▶ [EXERCISE]
When you reach the line that contains "30分の訪問の予定を大幅に上", set down that line and every one after it through the end of the records, exactly as written and with no pictures.

Records contained in a dataset

'''

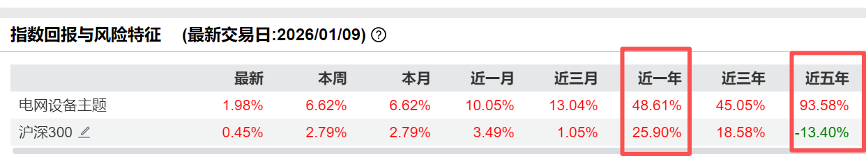 天弘中证电网设备主题指数基金(A类:025832 C类:025833),作为为数不多跟踪电网设备主题指数(931994.CSI)的场外基金,稀缺性凸显。截至1月9日,基金标的指数近1年上涨48.61%,远超同期沪深300涨幅25.90%;近5年上涨93.58%,同期沪深300指数下跌13.40%。
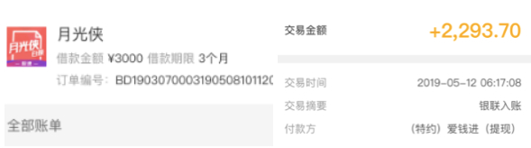 凡普金科旗下的互联网金融平台包括,P2P平台爱钱进、互联网保险分母互动、融资租赁公司驰骋租赁、保理公司天作良物、借贷平台钱站等,旗下借贷产品月光侠遭到用户投诉。21聚投诉显示,北京会牛科技有限公司旗下的月光侠分期频被指砍头息,搜索关键词有百余条投诉贴。有投诉贴显示的,其5月申请的3000元借款,到账金额为2293元。
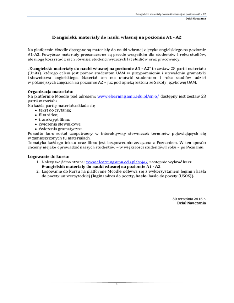 E-angielski: materiały do nauki własnej na poziomie A1 - A2 Dział Nauczania E-angielski: materiały do nauki własnej na poziomie A1 - A2 Na platformie Moodle dostępne są materiały do nauki własnej z języka angielskiego na poziomie A1-A2. Powyższe materiały przeznaczone są przede wszystkim dla studentów I roku studiów, ale mogą korzystać z nich również studenci wyższych lat studiów oraz pracownicy. „E-angielski: materiały do nauki własnej na poziomie A1 - A2” to zestaw 28 partii materiału (Units), którego celem jest pomoc studentom UAM w przypomnieniu i utrwaleniu gramatyki i słownictwa angielskiego. Materiał ten ma ułatwić studentom I roku studiów udział w późniejszych zajęciach na poziomie A2 – już pod opieką lektora ze Szkoły Językowej UAM. Organizacja materiału: Na platformie Moodle pod adresem: www.elearning.amu.edu.pl/snjo/ dostępny jest zestaw 28 partii materiału. Na każdą partię materiału składa się tekst do czytania; film video; transkrypt filmu; ćwiczenia słownikowe; ćwiczenia gramatyczne. Ponadto kurs został zaopatrzony w interaktywny słowniczek terminów pojawiających się w zamieszczonych tu materiałach. Tematyka każdego tekstu oraz filmu jest bezpośrednio związana z Poznaniem. W ten sposób chcemy niejako oprowadzić naszych studentów – w większości studentów I roku – po Poznaniu. Logowanie do kursu: 1. Należy wejść na stronę: www.elearning.amu.edu.pl/snjo/, następnie wybrać kurs: E-angielski: materiały do nauki własnej na poziomie A1 - A2. 2. Logowanie do kursu na platformie Moodle odbywa się z wykorzystaniem loginu i hasła do poczty uniwersyteckiej (login: adres do poczty, hasło: hasło do poczty (USOS)). 30 września 2015 r. Dział Nauczania 1
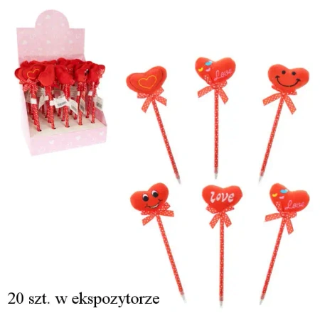 Efektowny długopis ozdobny, który łączy funkcjonalność z urokiem romantycznej dekoracji. Korpus długopisu pokryty jest tkaniną w czerwonym kolorze w białe kropeczki, co nadaje mu lekkości i wesołego charakteru. Na szczycie długopisu znajduje się miękkie, tekstylne serduszko o wymiarach 6 × 5,5 cm, ozdobione haftem z napisem “Love” oraz drobnymi kolorowymi aplikacjami w kształcie serduszek. Całość dopełnia urocza kokardka z dopasowanej tasiemki. Długopis ma długość całkowitą około 22 cm i stanow
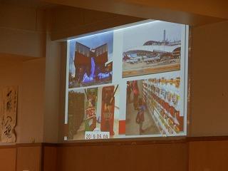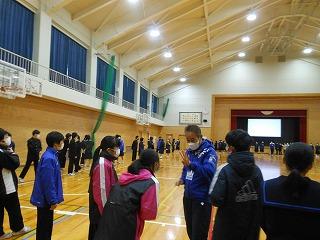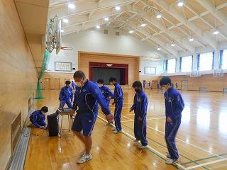 30分の訪問の予定を大幅に上回り、部員たちは卒業式の準備がされたまま被害にあった体育館の様子などを見学してきました。
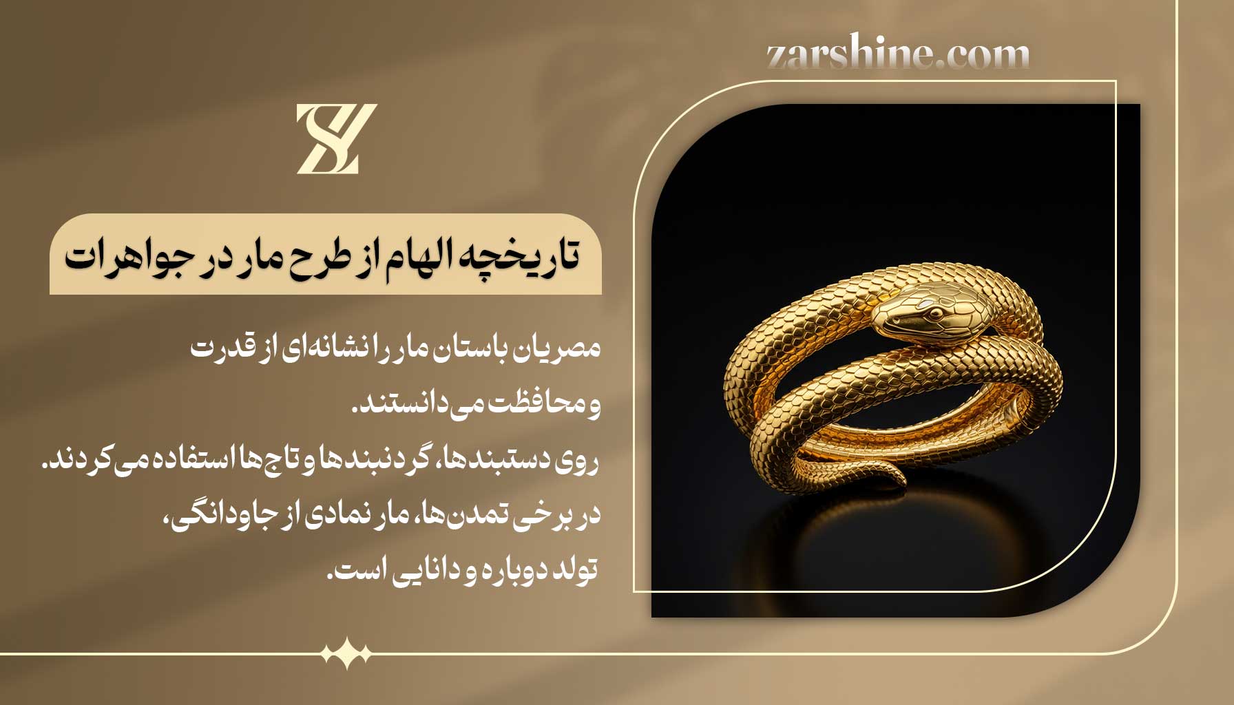 | الهام و تاریخچه | الهام از مار، نماد قدرت، محافظت، جاودانگی، تولد دوباره و دانایی | از دوران مصر باستان و ایران باستان تا طراحی مدرن امروز |

'''

▶ [YOUR SOLUTION]
 30分の訪問の予定を大幅に上回り、部員たちは卒業式の準備がされたまま被害にあった体育館の様子などを見学してきました。
 | الهام و تاریخچه | الهام از مار، نماد قدرت، محافظت، جاودانگی، تولد دوباره و دانایی | از دوران مصر باستان و ایران باستان تا طراحی مدرن امروز |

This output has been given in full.